Understanding the logarithmic power rule is key to simplifying expressions where a logarithm is raised to a power. The rule states that if you have an expression like \( \log_b (a^c) \), it is equivalent to \( c \times \log_b a \). This means that you can "move" the exponent in front of the logarithm, essentially multiplying it. This rule is extremely useful when dealing with complex logarithmic expressions.
In the case of \( \log_{6} 6^2 \), the exponent here is 2. By applying the logarithmic power rule, we can rewrite the expression as \( 2 \times \log_{6} 6 \). This simplification allows us to perform further calculations more easily.

The base of a logarithm is a critical component. It determines which number you need to raise to a certain power to get the argument of the logarithm. In a logarithmic expression like \( \log_b a \), \( b \) is the base. A deeper understanding of the base can help demystify the functioning of logarithms.
In the expression \( \log_{6} 6^2 \), the base is 6. This implies that the logarithm is finding out what power 6 has to be raised to in order to equal \( 6^2 \).
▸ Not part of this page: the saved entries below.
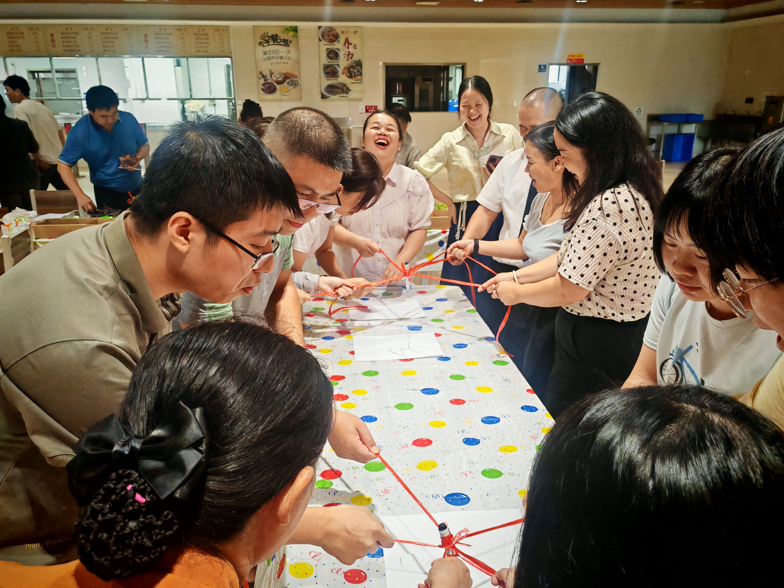 這是最考驗(yàn)團(tuán)隊(duì)協(xié)作的環(huán)節(jié)。六人一組,每人牽一根繩子共同控制筆尖,寫出一行字或畫出圖案??此坪?jiǎn)單,卻讓人手忙腳亂,常常一筆下去就引得全場(chǎng)大笑。但最終,大家齊心協(xié)力完成作品時(shí),也收獲了滿滿成就感。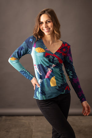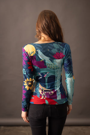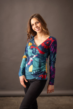 Tee-shirt manches longues tout imprimé à une double couche sur le devant pour un effet cache-coeur. Sa coupe ajustée apporte de la féminité à la silhouette . La placement des motifs asymétrique apporte aussi de l'originalité .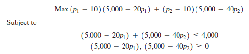 Now, let us consider the case in which total production capacity is limited to 4,000 units. The optimal differential price results in demand that exceeds total production capacity. Thus, we resort to the formulation in Equation 16.2 and solve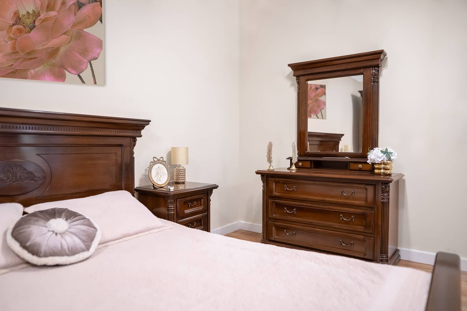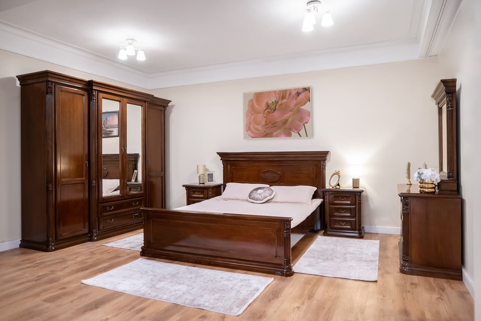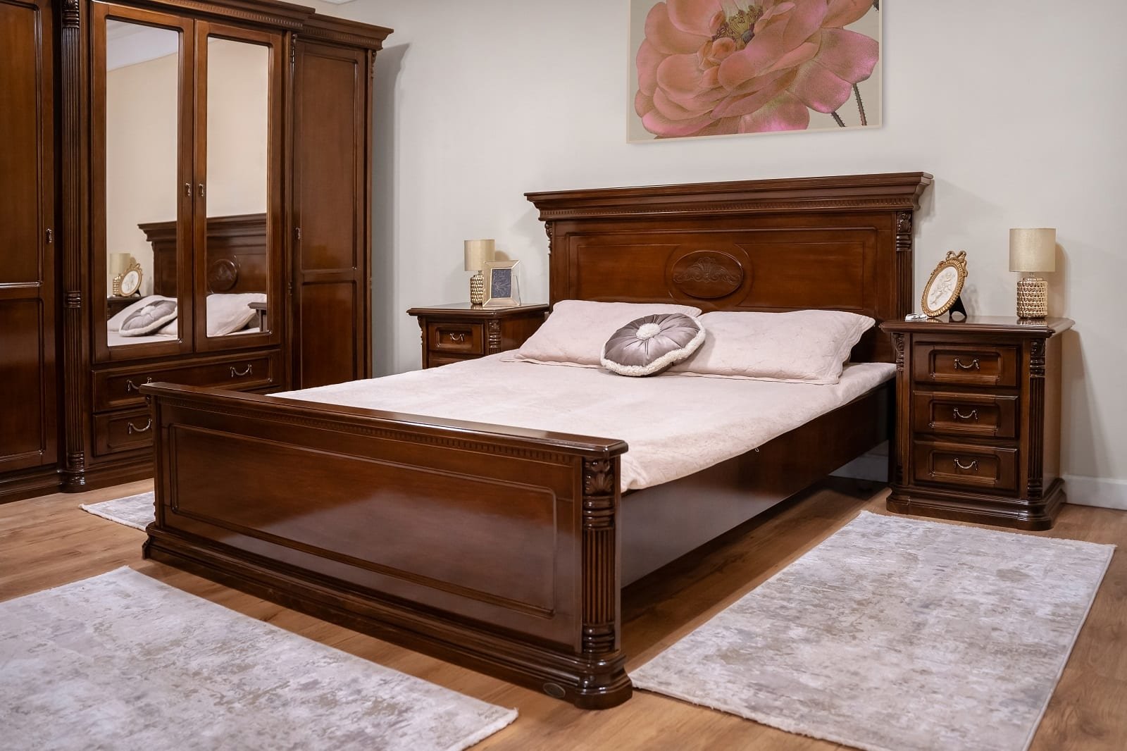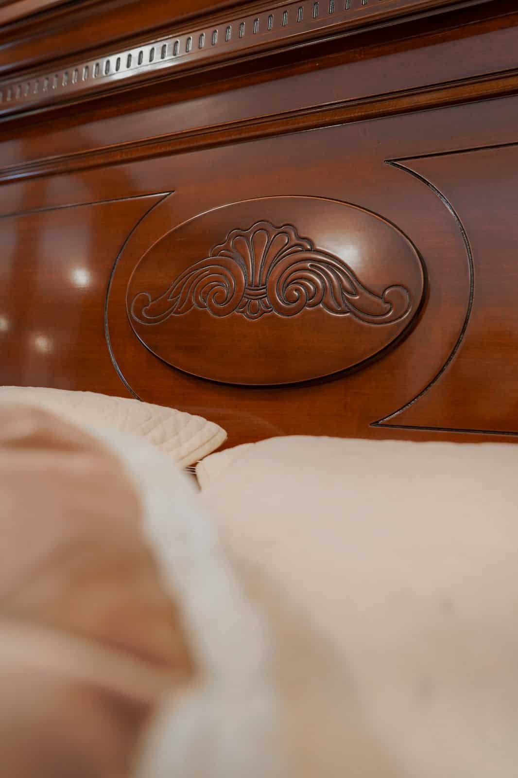 Inspirat de echilibrul dintre tradiție și inovație, dormitorul „Cristina II” este definit prin liniile sale curate și armonia estetică a designului său. Acest set este creat din lemn masiv de fag și tei, materiale recunoscute pentru robustețea și longevitatea lor, care promit să traverseze generații. Mestesugul manual este evidențiat în elementele ornamentale elaborate, fiecare cu particularitățile sale unice, ce adaugă o dimensiune sculpturală ansamblului. Îmbinând panourile de PAL și MDF, finisate cu o atenție meticuloasă folosind furnire naturale de nuc, „Cristina II” reflectă un angajament pentru finisaje de înaltă calitate și o atenție deosebită pentru detalii. Designul sofisticat, împreună cu tonurile calde ale lemnului, conferă un sentiment de căldură și confort, invocând o atmosferă de liniște și relaxare.

This base-specificity explains why using basic logarithm properties can greatly simplify computations. Generally, when the base matches the number being operated on, simplifications become much easier.

Basic properties of logarithms are fundamental tools that can simplify solving problems swiftly. One of the most essential properties is that \( \log_b b = 1 \), where \( b \) is the base. This property is because a number raised to the power of 1 is itself.
Applying this to our example: for \( \log_{6} 6 \), since the base \( 6 \) and the argument \( 6 \) are identical, the result is 1. This means \( \log_{6} 6 = 1 \).
Armed with this knowledge, the computation becomes easy. Considering \( 2 \times \log_{6} 6 \), we substitute \( \log_{6} 6 = 1 \), leading us directly to \( 2 \times 1 = 2 \). This illustrates how understanding and utilizing basic logarithm properties can simplify even the complex-looking expressions dramatically.